A memória que Ophelia tinha das festas de fim de ano eram dos biscoitos de gengibre sendo assados, os pisca-piscas colocados na varanda acesos em suas cores branca, vermelha e verde, juntamente com um boneco de plástico no mesmo formato de um homem de neve, que geralmente tentava copiar fazendo um com a neve que se acumulava na área verde em frente a cobertura de sua casa. Ao fundo, tocava algum sucesso de Johnny Cash, sendo cantarolado por sua mãe diretamente da cozinha, enquanto a movimentação de seus irmãos mais novos fazia parecer que o segundo andar da casa tinha vida própria. Na sala, estaria o pai, assistindo algum programa falando das estatísticas para os próximos jogos dos Bulls e dos Bears, tomando uma xícara de kombuchá com os pés para cima e calçando apenas meias. E quando cansasse de sentir o frio se infiltrando por sua roupa molhada, entraria para um banho quente e se enfiar na biblioteca, lendo até ser a hora de atacar os tais biscoitos.

A vida era tão mais simples e fácil naqueles dias de infância, Ophelia pensou consigo.

Os seus dedos tamborilavam sobre a mesa, esperando a aparição de sua irmã mais nova na tela do computador. Os seus cabelos estavam presos de qualquer jeito em um coque, vestia o moletom da Universidade de Illinois, uma grande caneca de café preto estava esfriando ao seu lado direito e seu olhar vez ou outra escapava para a presença de Aristóteles no ambiente, seu rabo felpudo e laranja roçando as prateleiras inferiores de sua enorme estante. Não demorou muito mais para que a tela do notebook fosse preenchida pela figura de Calista, seus cabelos muito escuros caídos pelos ombros como se tivesse acabado de tomar banho. O abatimento era notável debaixo dos seus olhos com ligeiras bolsas formadas por possíveis noites em claro. Ophelia jamais comentaria esse detalhe, mas tinha vontade de perguntar se Calista por acaso já pensou em diminuir as horas de trabalho para ter algum momento de folga.

— Pensei que teria que me inscrever em uma das suas palestras para te ver de novo — a mais nova emendou, sem qualquer saudação anterior, o julgamento já presente em seu tom de voz.

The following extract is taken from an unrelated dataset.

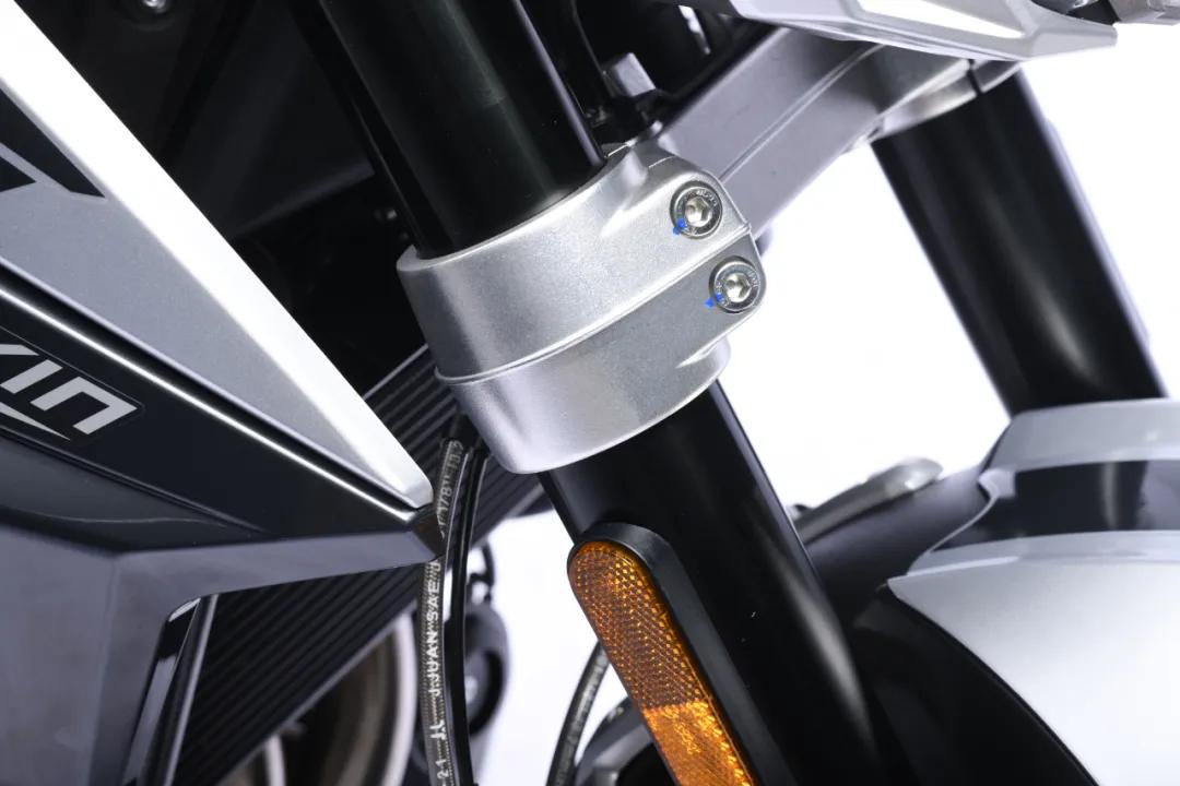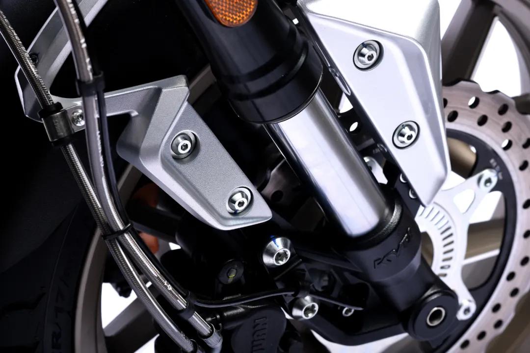 減震部分,F(xiàn)LAME500前減震為一對(duì)倒置KYB減震,具有多段可調(diào)功能,值得注意都是,新車的上下聯(lián)板均采用了鋁合金材質(zhì),強(qiáng)度更高且相較于鐵質(zhì)重量也更輕。

Ophelia se pegou sorrindo quanto a esse gesto. Isso era tão típico que jamais lhe causaria irritação.

— Você fala como se eu não tivesse ido até New York tem… Não sei, um mês? — Ophelia rebateu, se recostando contra sua poltrona, ouvindo o miar ocasional de Aristóteles, incomodado de não conseguir afastar as portas de vidro de sua estante para atacar os livros ali dispostos.

— Cinco semanas, mas quem está contando, não é mesmo? — Calista rebateu, encolhendo os ombros. Estava prestes a falar alguma coisa, mas seu olhar estava preso para fora da ligação, os ombros tensos automaticamente. — Elsie! Não. Não, okay? — Se demorou mais alguns segundos encarando o que era o vazio para Ophelia, antes de voltar sua atenção mais uma vez para a irmã. — Desde que eles aprenderam a andar, eu nunca mais tive um dia de paz…

— Não se preocupe, quando eles começarem a se esconder vai ser pior… — Ophelia tomou um gole do seu café, antes de soltar um “ahn!”, se recordando de algo. — Lembra aquela vez que brincamos de pique-esconde e você se enfiou na dispensa e ficou lá por, sei lá, horas, e papai já estava ligando para a polícia, quando na verdade você estava bem ali na cara de todo mundo?

— Eu só queria ganhar a brincadeira, mas bem, o que ganhei mesmo foi uma semana de castigo — a mais nova ria com a memória, balançando a cabeça. Entretanto, o divertimento aos poucos foi escorrendo de seu olhar. No lugar dele, havia uma sombra de preocupação, a qual era impossível de esconder em qualquer hipótese. — O resultado da biópsia saiu, não é?

Ophelia acenou de forma positiva com a cabeça.

— E era maligno, não era? — Calista perguntava em um tom resignado, erguendo o queixo. Obviamente que era a sua forma de lidar com notícias ruins; erguer uma muralha de indiferença e praticidade era como a irmã lidava com tudo que saía diferente do que ela queria. Ophelia sabia, porém algumas vezes se perguntava se isso não era mais difícil do que apenas deixar que as pessoas soubessem como ela realmente estava. Lhe parecia um grande gasto de energia a toa. Em todo caso, apenas acenou para a outra, confirmando a pergunta. Calista sugou o ar de suas bochechas, assimilando a notícia. — Bem, e agora?

— Agora começa a fase do tratamento, e como foi descoberto cedo, é uma notícia boa no meio disso tudo — começou a explicar, tomando mais um gole de seu café. — Faço minha primeira quimio semana que vem. Reagendei minhas palestras, inclusive, não sei bem como vão ser os dias seguintes à primeira sessão.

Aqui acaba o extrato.